Judge will hear arguments in Sandy Hook case

A judge will hear arguments Monday on whether to strike details from a lawsuit against the maker of the rifle used in the 2012 shooting at Sandy Hook.

Remington Arms will argue that the allegations presented by nine families of those killed in the massacre do not align with the laws they cited in their complaint.

The company presented similar arguments before — in state court then federal and again in state — but in the most recent attempt Remington was denied a dismissal because of procedural issues.

In April, Bridgeport Superior Court Judge Barbara Bellis identified striking details from the complaint as more appropriate for the jurisdiction than dismissing it. So, in response, the company repackaged the same arguments but in a motion to strike.

The families say Bushmaster Firearms, a gun manufacturer owned by Remington, advertised its AR-15 rifle as an effective killing, a concept that appealed to the deranged killer who used the rifle to gun down 20 first graders and six educators.

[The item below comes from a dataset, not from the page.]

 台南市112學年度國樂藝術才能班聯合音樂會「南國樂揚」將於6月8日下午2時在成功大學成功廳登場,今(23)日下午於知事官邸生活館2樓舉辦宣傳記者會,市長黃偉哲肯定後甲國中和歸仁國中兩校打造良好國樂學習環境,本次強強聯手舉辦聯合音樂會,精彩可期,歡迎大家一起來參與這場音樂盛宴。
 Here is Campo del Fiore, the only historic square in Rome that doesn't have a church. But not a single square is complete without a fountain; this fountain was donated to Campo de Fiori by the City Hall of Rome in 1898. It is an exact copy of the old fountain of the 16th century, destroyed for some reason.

The complaint highlighted language used by Bushmaster to market its products to a civilian market. At one point before the shooting, Bushmaster used phrases like “military-proven performance,” “the ultimate combat weapons system,” and “Forces of opposition, bow down. You are single-handedly outnumbered” in its advertisements.

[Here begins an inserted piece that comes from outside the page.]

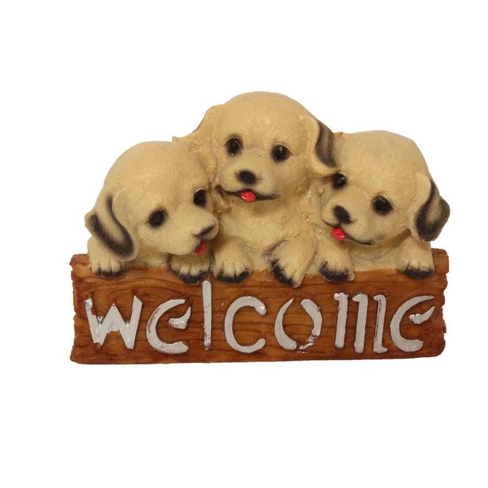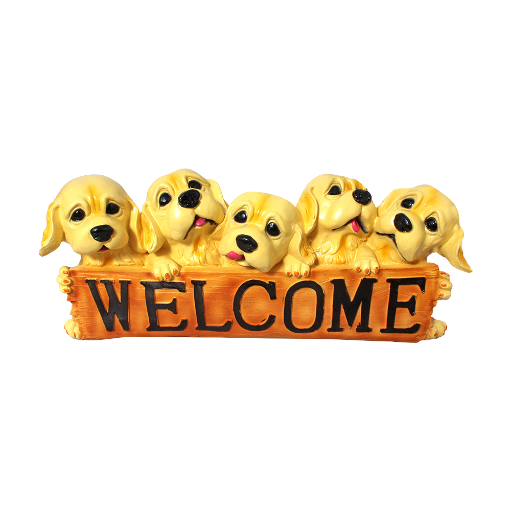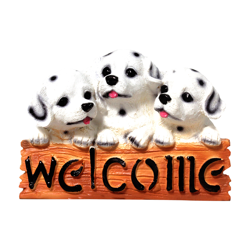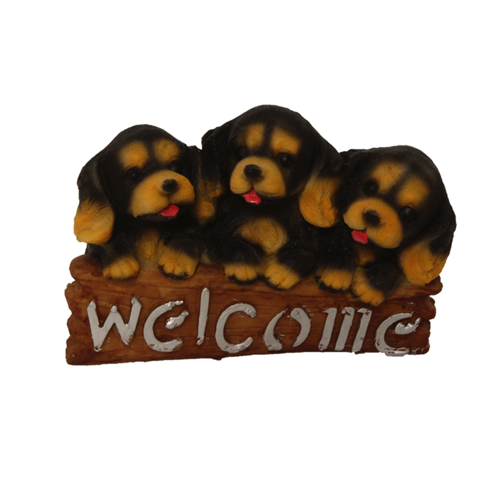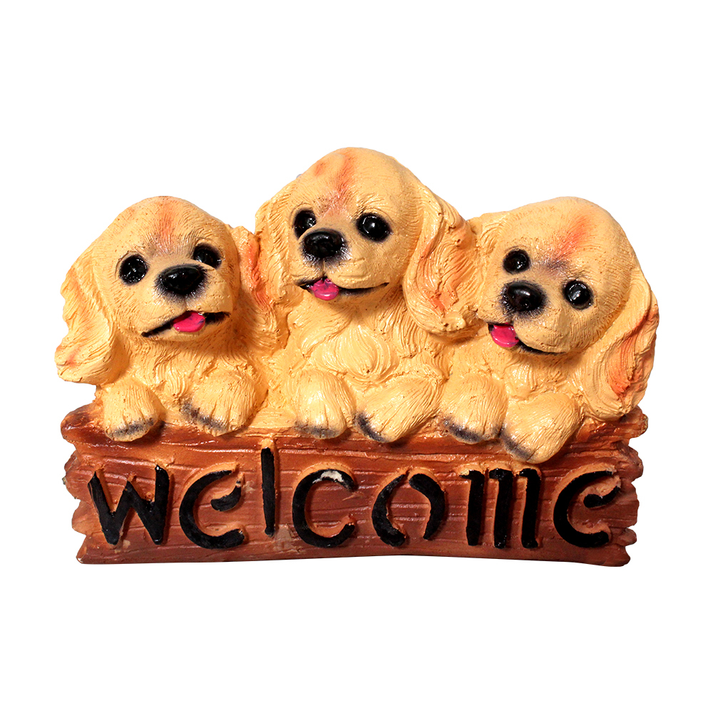 मल्टीकलर पॉलीरेसिन वेलकम प्लेट डॉग स्टैच्यू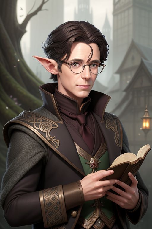 A focused well dressed elven man sits behind his desk reading a book. He does not notice the door open but the seat in front of him is empty with a bell sitting in front of it. A small ornate sign says “please ring bell to have your work proofread” upon rings this bell, a different sound is produced: a pleasant sound of a loud water drop”

In May, Bellis denied Remington’s motion to delay the discovery process, which would require the company to release internal documents about marketing strategies. She said since the lawsuit has been active for more than a year, a delay would unnecessarily prolong the case. A trial is slotted for April 2018.

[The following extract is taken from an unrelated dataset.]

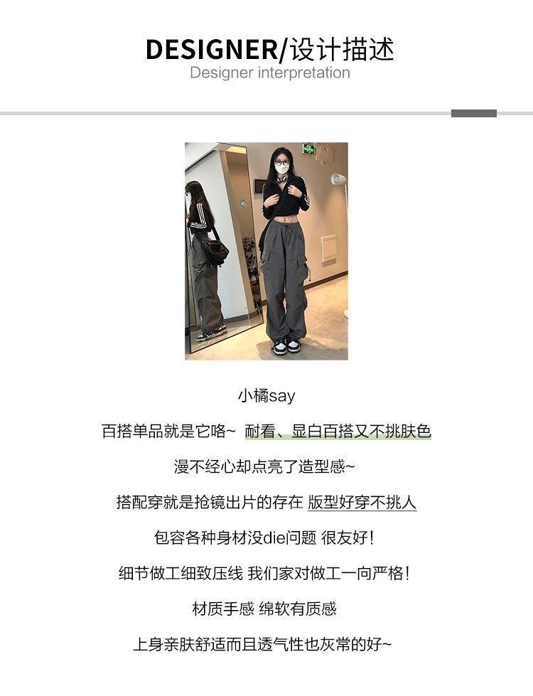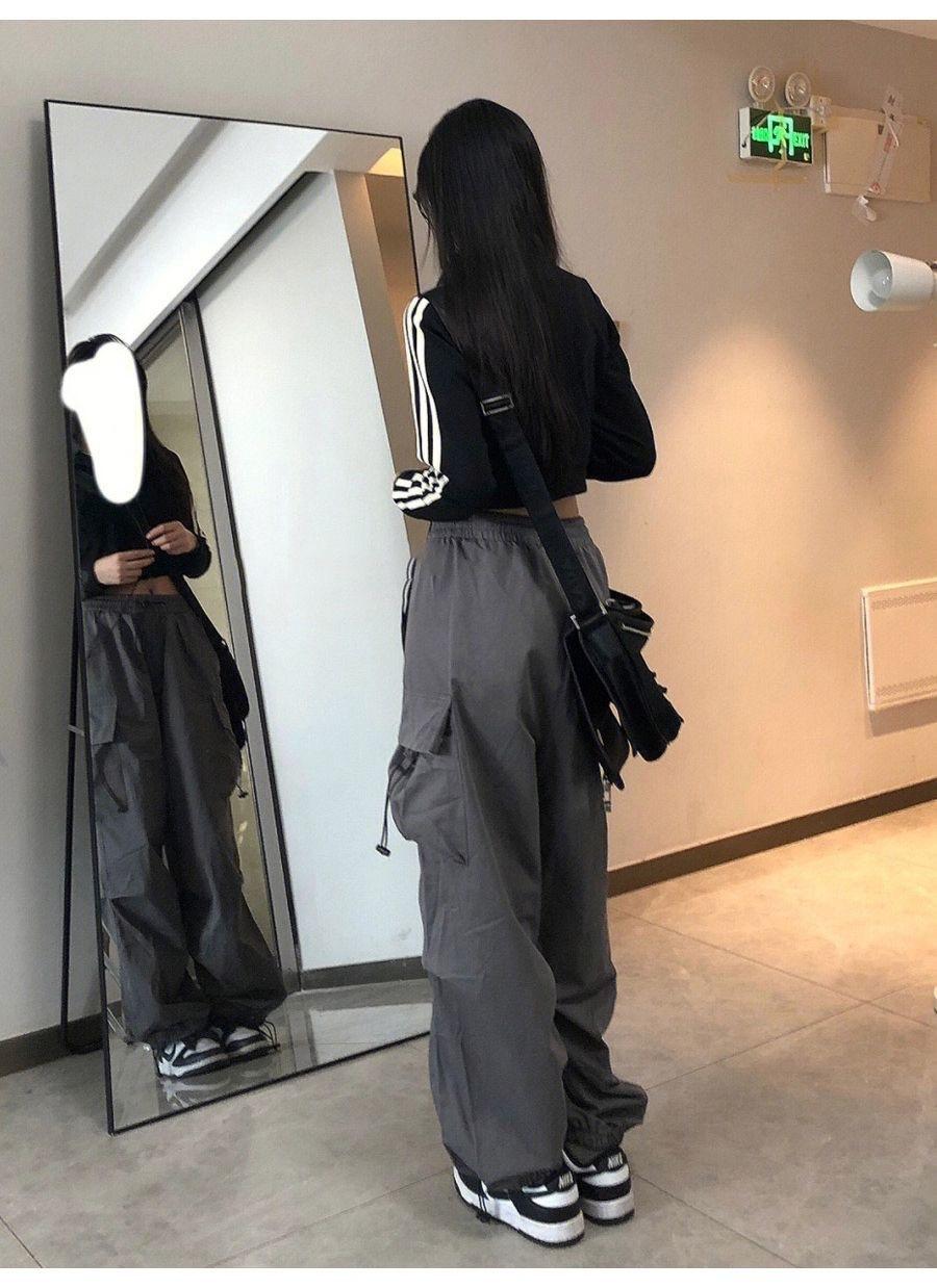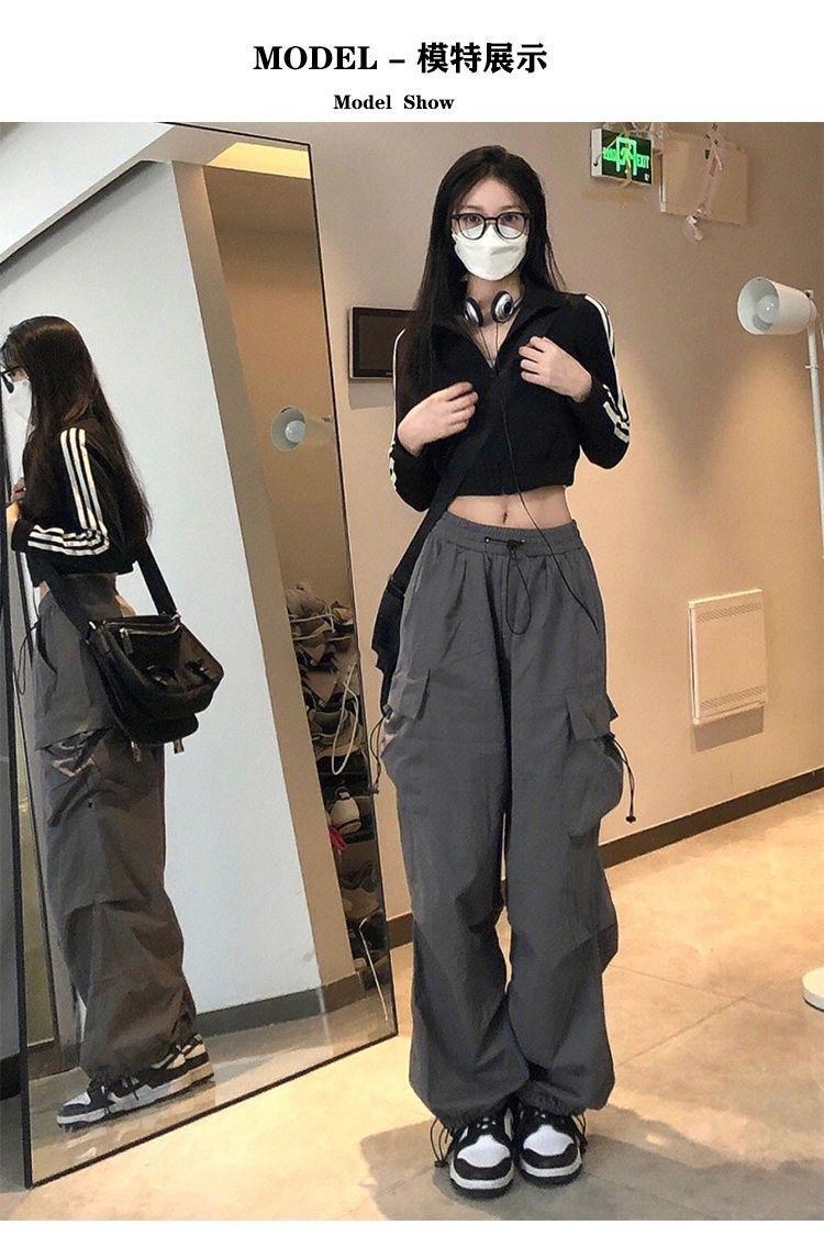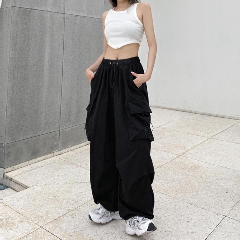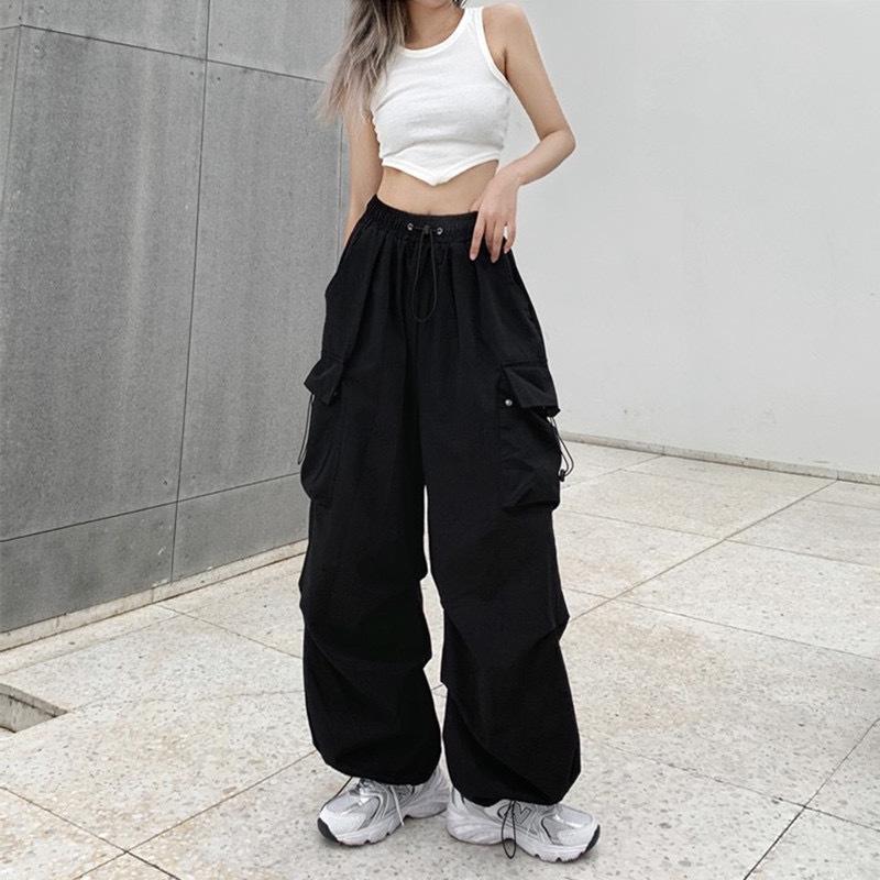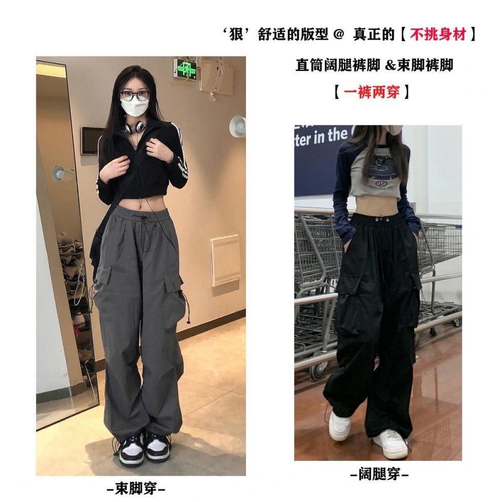 Pantalones cargo de calle de hiphop americano para mujer Verano Delgados de pierna recta sueltos con múltiples bolsillos con solapa Pantalones deportivos casuales

When the case was filed in December 2014, many legal experts speculated that it was unwinnable because of the physical and regulatory disconnect between the manufacturer of the firearm used in the incident and the shooter, but including the current decision, the case has overcome major legal hurdles.

The national debate about the AR-15 rifle has resurfaced, sprouting from the Orlando shooting earlier this month. The gunman in the incident used an AR-style rifle and a handgun to kill 49 people and injure 53 others.